An artificial neural network transforms input data by applying a nonlinear function to a weighted sum of the inputs. The transformation is known as a neural layer and the function is referred to as a neural unit.
The intermediate outputs of one layer, called features, are used as the input into the next layer. The neural network learns multiple layers of nonlinear features (like edges and shapes) through repeated transformations, which it then combines in a final layer to create a prediction (of more complex objects).
With backpropagation inside of a process called gradient descent, the errors are sent back through the network again and the weights are adjusted, improving the model. The neural net learns by varying the weights or parameters of a network so as to minimize the difference between the predictions of the neural network and the desired values. This process is repeated thousands of times, adjusting a model's weights in response to the error it produces, until the error can't be reduced anymore. This phase where the artificial neural network learns from the data is called training. During this process, the layers learn the optimal features for the model, which has the advantage that features do not need to be predetermined.
GPUs: Key to Deep Learning
Architecturally, the CPU is composed of just a few cores with lots of cache memory that can handle a few software threads at a time. In contrast, a GPU is composed of hundreds of cores that can handle thousands of threads simultaneously.
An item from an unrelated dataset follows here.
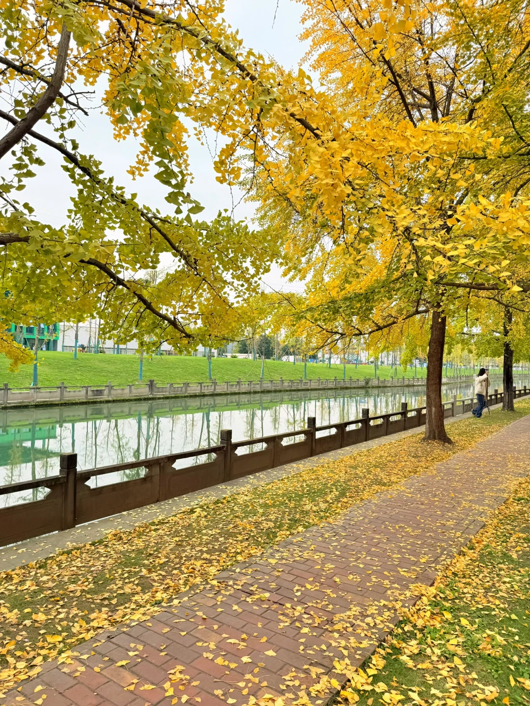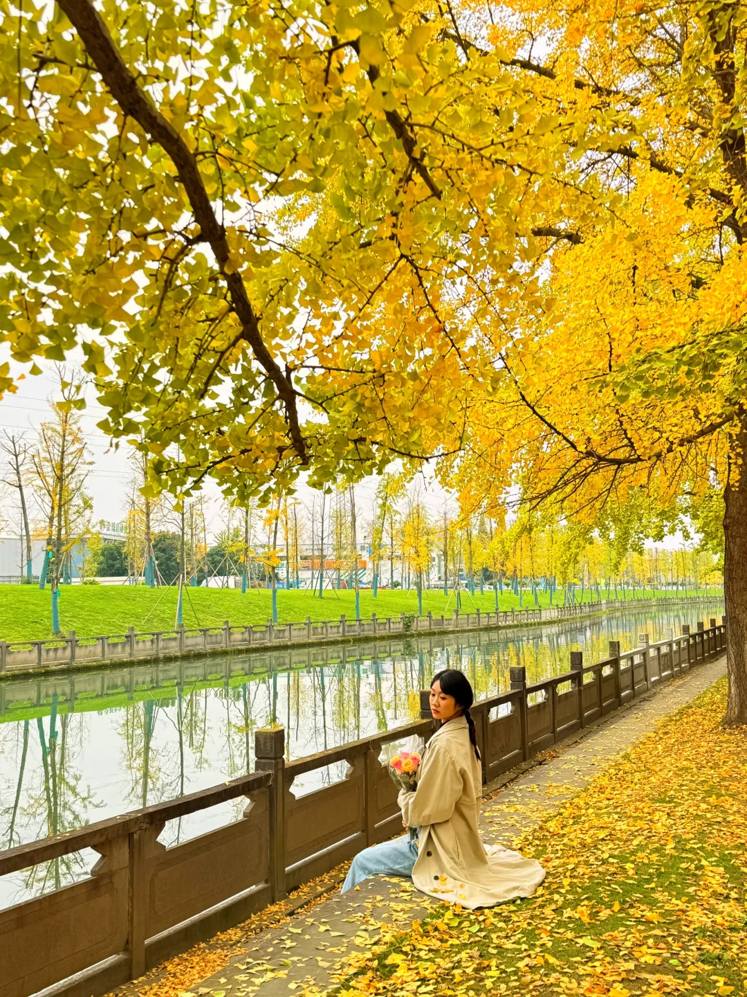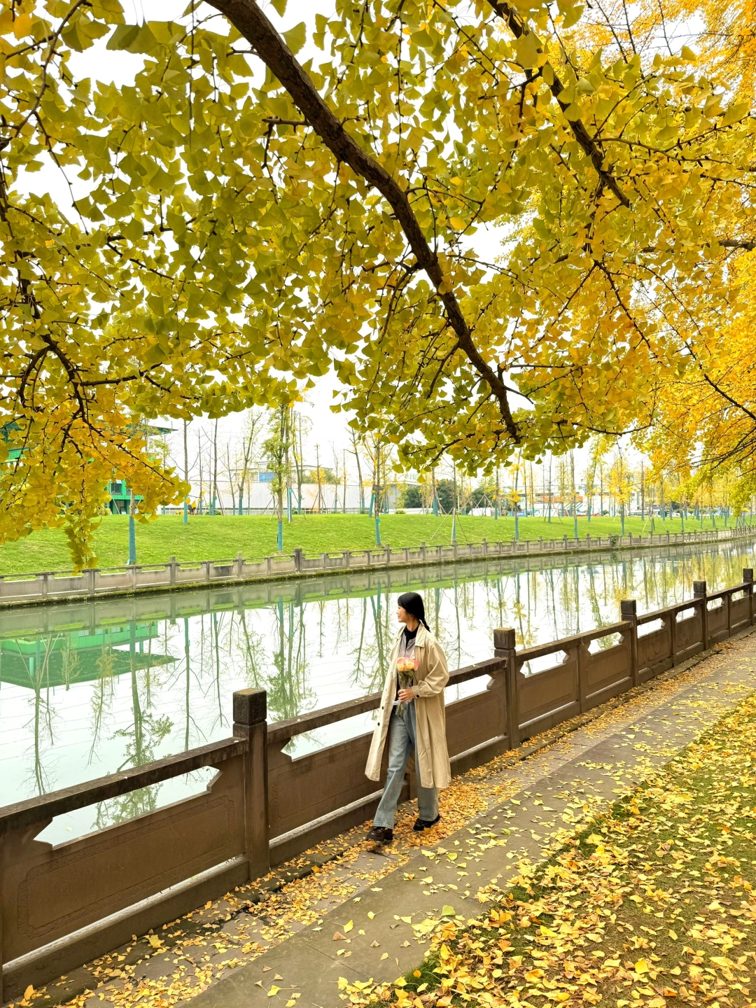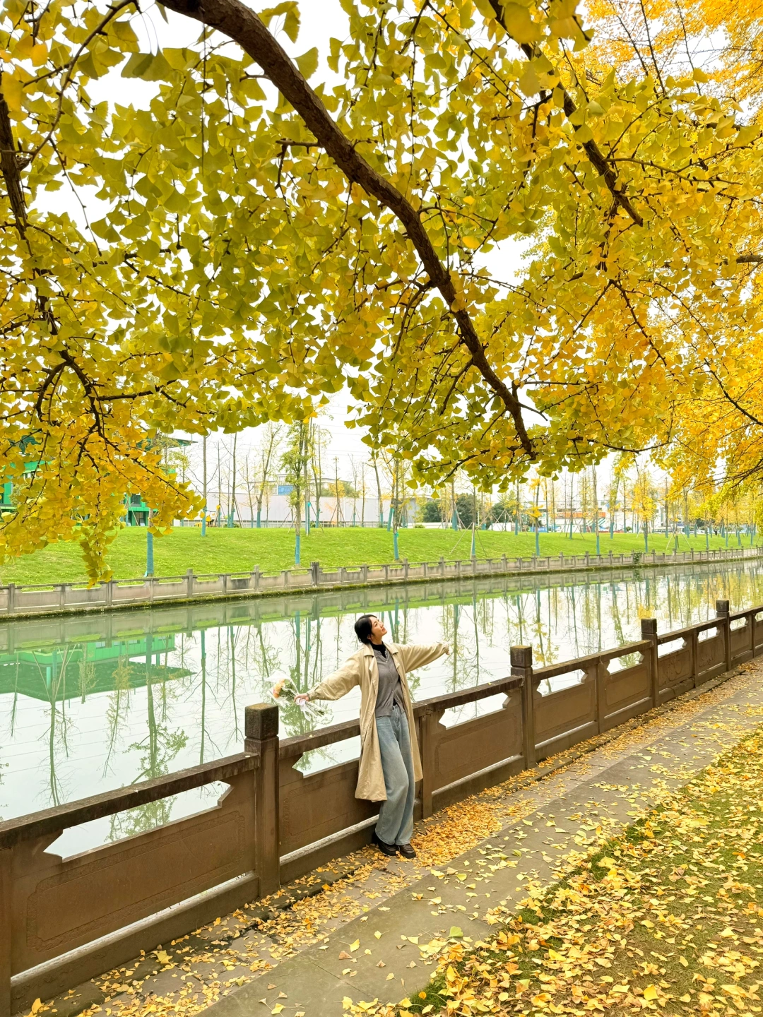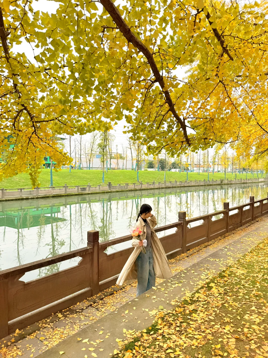 每年都来!!每年都觉得美!! 目前这里的银杏黄叶进度已经90% 地面也铺上落叶啦 来拍照的人尤其的少!真的不敢想 如果是晴天的话得有多美!! 📍双流蛟龙港活水公园 🅿️开车的话可以停路边

State-of-the-art deep learning neural networks can have from millions to well over one billion parameters to adjust using backpropagation. They also require a large amount of training data to achieve high accuracy, meaning hundreds of thousands to millions of input samples will have to be run through both a forward and backward pass. Because neural nets are created from large numbers of identical neurons, they’re highly parallel by nature. This parallelism maps naturally to GPUs, providing a significant computation speedup over CPU-only training and making them the platform of choice for training large, complex neural network-based systems. The parallel nature of inference operations also lend themselves well for execution on GPUs.